Items from a dataset:
^^^^^^^^^^^^^^^^
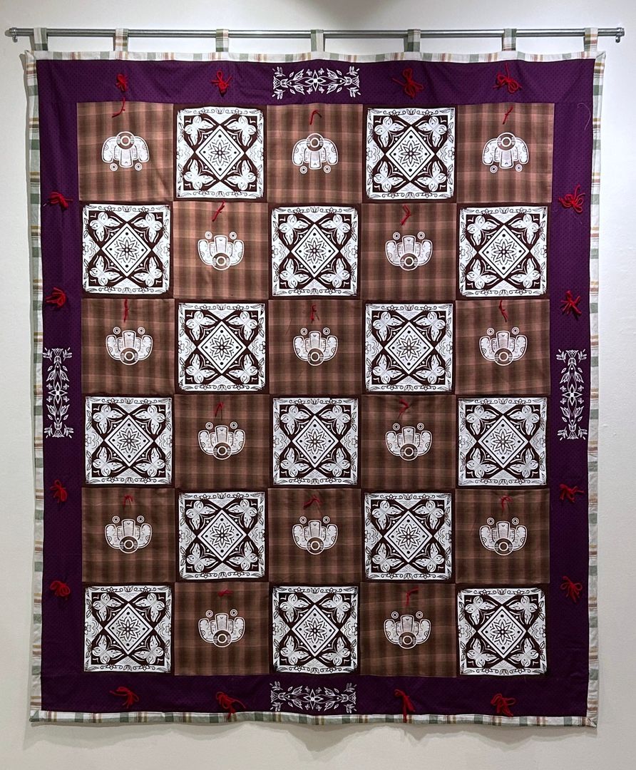 100% cotton, screenprinted panels 80 in x 68 in x 00.25 in / 203.2 cm x 172.72 cm x 00.64 cm
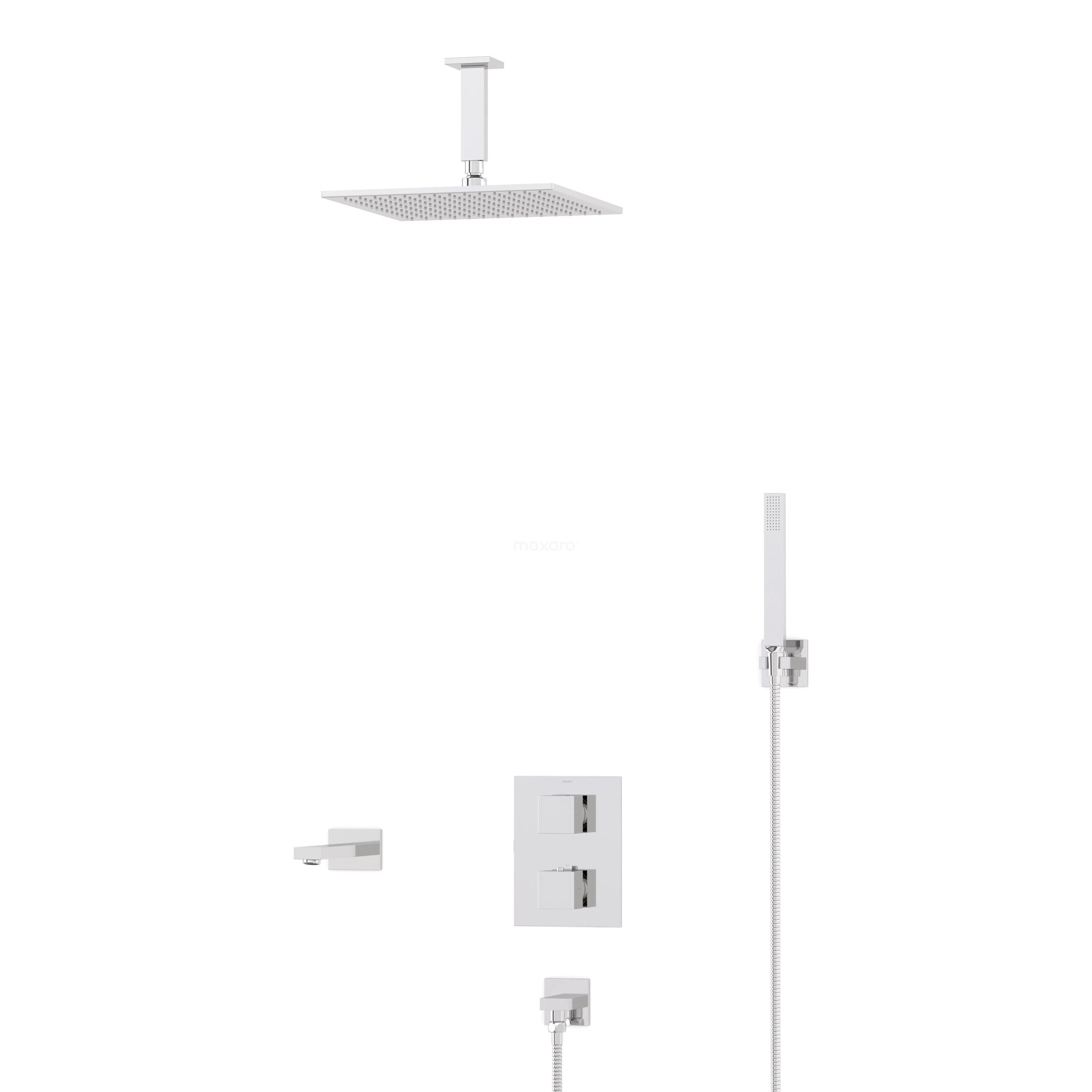 Cubic Built-in Bath Tap with Rain Shower | Chrome Thermostatic
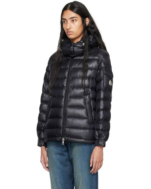 Down-filled quilted recycled nylon satin jacket. · Bungee-style drawstring and press-stud fastening at detachable hood · Stand collar · Two-way zip closure · Zip pockets · Concealed bungee-style drawstring at hem · Patch pocket and tricolor felted logo patch at sleeve · Press-stud fastening at elasticized cuffs · Full recycled nylon satin lining Supplier color: Black Fill: 90% goose down, 10% feather.
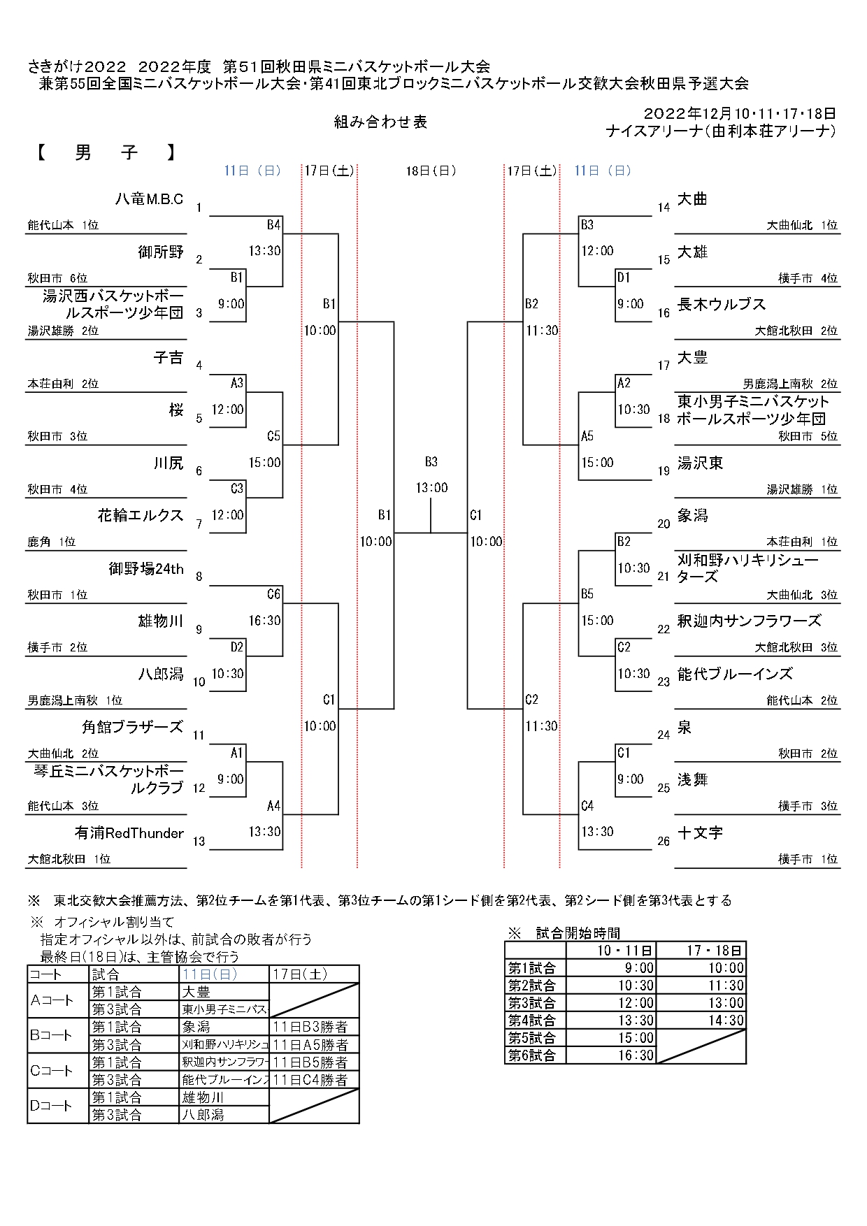 能代山本の出場チームと組み合わせは以下のとおりです。
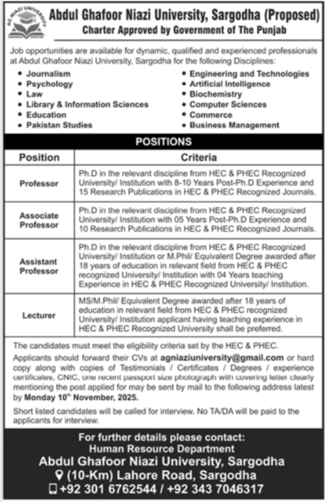 Abdul Ghafoor Niazi University is looking for candidates for following posts as per job advertisement published in daily Jang Newspaper of November 2, 2025 for location Sargodha, sargodha Punjab Pakistan:
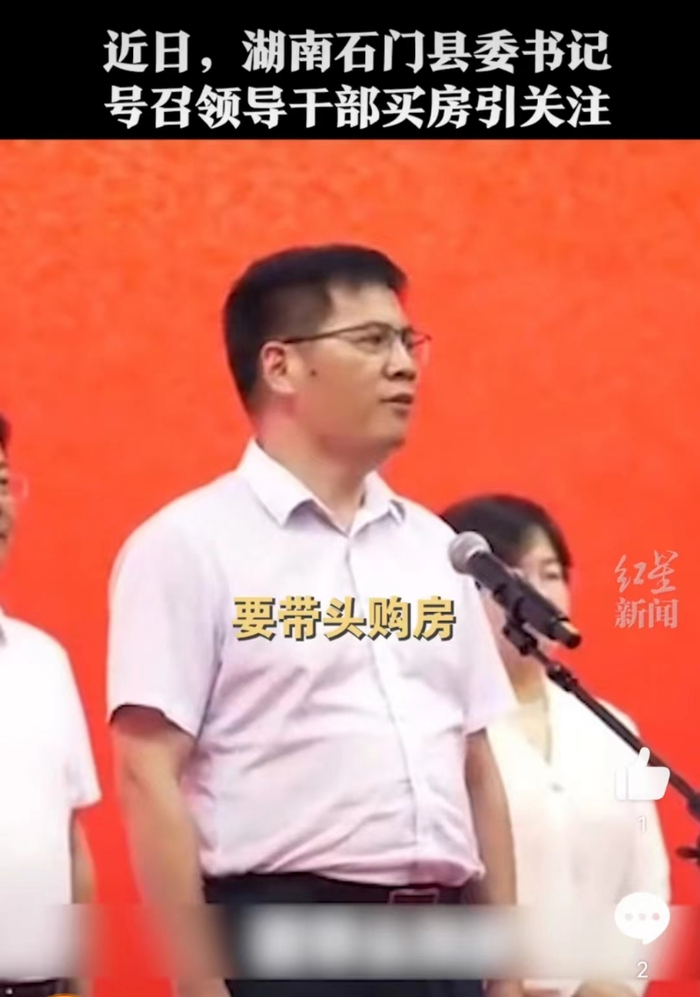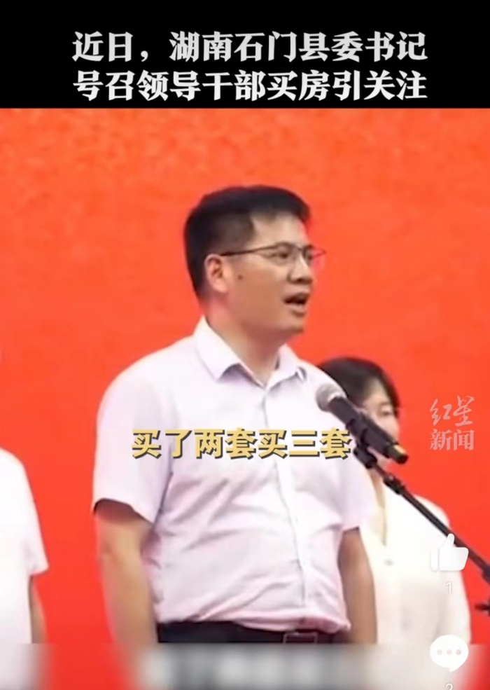 湖南石门县委书记号召买房:买了一套买二套,买了二套买三套
^^^^^^^^^^^^^^^^
§ **Problem to work on**
Pictures do not belong in the copy. Repeat only the lines from the top of the records through the line containing "能代山本の出場チームと組み合わせは以下のとおりです。".

§ **Answer to this exercise**
 100% cotton, screenprinted panels 80 in x 68 in x 00.25 in / 203.2 cm x 172.72 cm x 00.64 cm
 Cubic Built-in Bath Tap with Rain Shower | Chrome Thermostatic
 Down-filled quilted recycled nylon satin jacket. · Bungee-style drawstring and press-stud fastening at detachable hood · Stand collar · Two-way zip closure · Zip pockets · Concealed bungee-style drawstring at hem · Patch pocket and tricolor felted logo patch at sleeve · Press-stud fastening at elasticized cuffs · Full recycled nylon satin lining Supplier color: Black Fill: 90% goose down, 10% feather.
 能代山本の出場チームと組み合わせは以下のとおりです。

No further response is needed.